# About Realvnc



## Fenrry (Jul 7, 2005)

Hya all, I was wondering if someone here would be so kind and lendme a hand on a small project.

I was looking for a way to stablish a connection between computers, I live in Canada running an Xp Pro machine, and I want to get connection to a machine running Win 98Se in Southamerica, now I was checking Realvnc, I liked the fact that is crossplatform, however my knowledge of p2p networking is as limited as Limewire, and the "small" guide on Realvnc's page didn't help me either.

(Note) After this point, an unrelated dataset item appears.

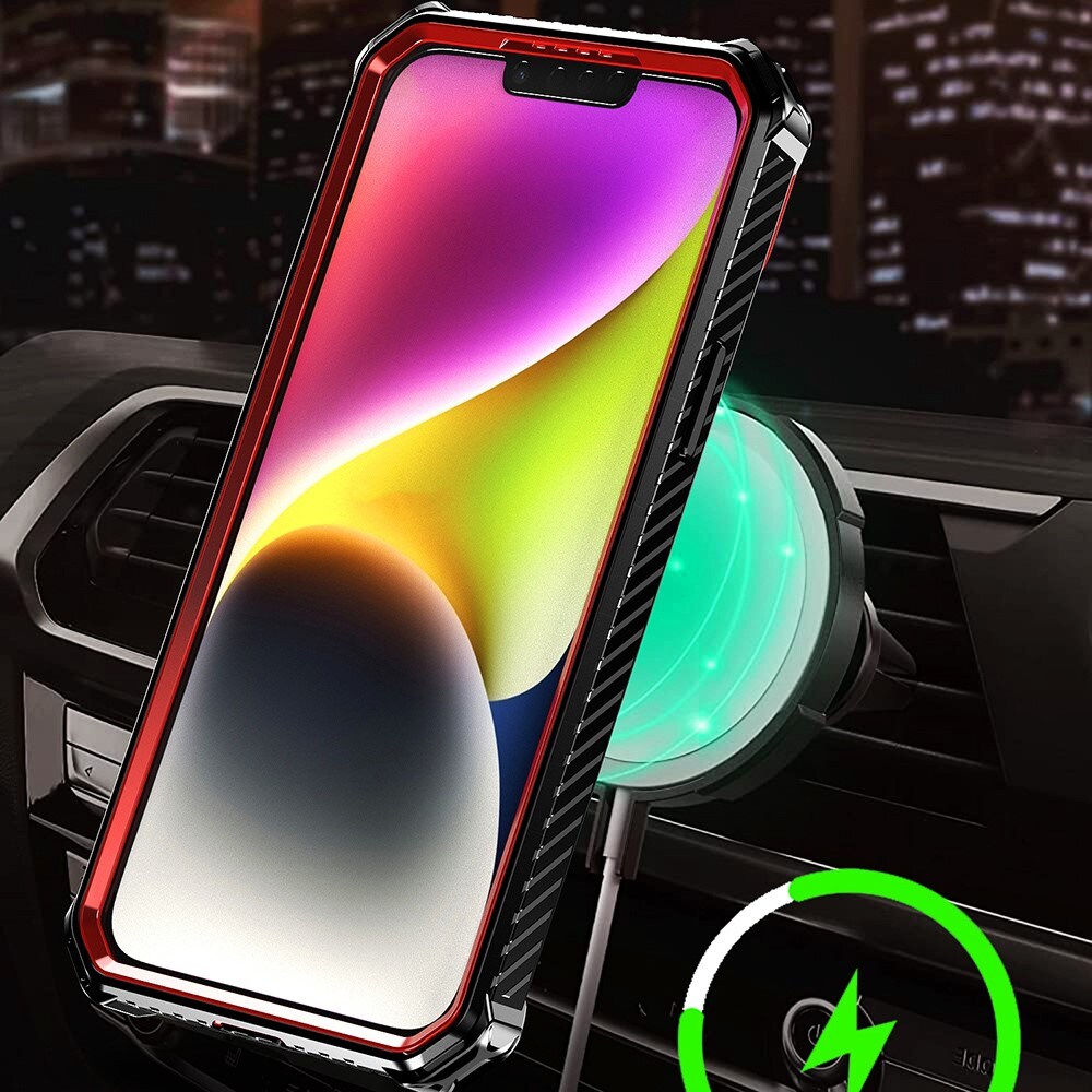 Backcase hoesje met uitklapbare magnetische ring voor iPhone 14. Dit hoesje bestaat uit verschillende materialen zodat het de beste bescherming tegen schokken en vallen biedt - een kern van TPU-siliconen en daaromheen versteviging in kunststof. De ring aan de achterkant is magnetisch en kan worden gebruikt in combinatie met MagSafe-compatibele accessoires zoals opladers en kaarthouders. De ring kan ook als standaard gebruikt worden om je telefoon horizontaal neer te zetten voor het bekijken van films, clips of om te gamen.
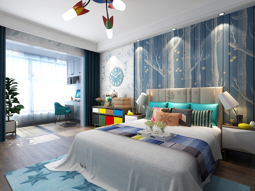 ▲西安(ān)魯班裝(zhuāng)飾龍湖(hú)香醍漫步170平米美式輕奢風設計周倩設計師主筆(bǐ)——男孩房設計效果圖

So I come here, hopefully any of you guys could help me to get this working.

Thks all.

H


----------



## root (Feb 3, 2006)

Fenrry said:


> Hya all, I was wondering if someone here would be so kind and lendme a hand on a small project.
> 
> I was looking for a way to stablish a connection between computers, I live in Canada running an Xp Pro machine, and I want to get connection to a machine running Win 98Se in Southamerica, now I was checking Realvnc, I liked the fact that is crossplatform, however my knowledge of p2p networking is as limited as Limewire, and the "small" guide on Realvnc's page didn't help me either.
> 
> ...


What're your requirements for the connection? Why not use Telnet or [Open]SSH?


----------



## Fenrry (Jul 7, 2005)

Root thx so much for your help, I will look over your suggestion and will work on it, I'll keep in touch.

Thx.

Fen


----------



## johnwill (Sep 26, 2002)

Have you looked at UltraVNC? I use it for customer support, and it works well on all Windows versions. It's also compatible with other VNC versions like RealVNC and TightVNC. TightVNC has recently started up development again, and it's a cross platform product that works with both Unix, Linux, and Windows, so it might be another option..


----------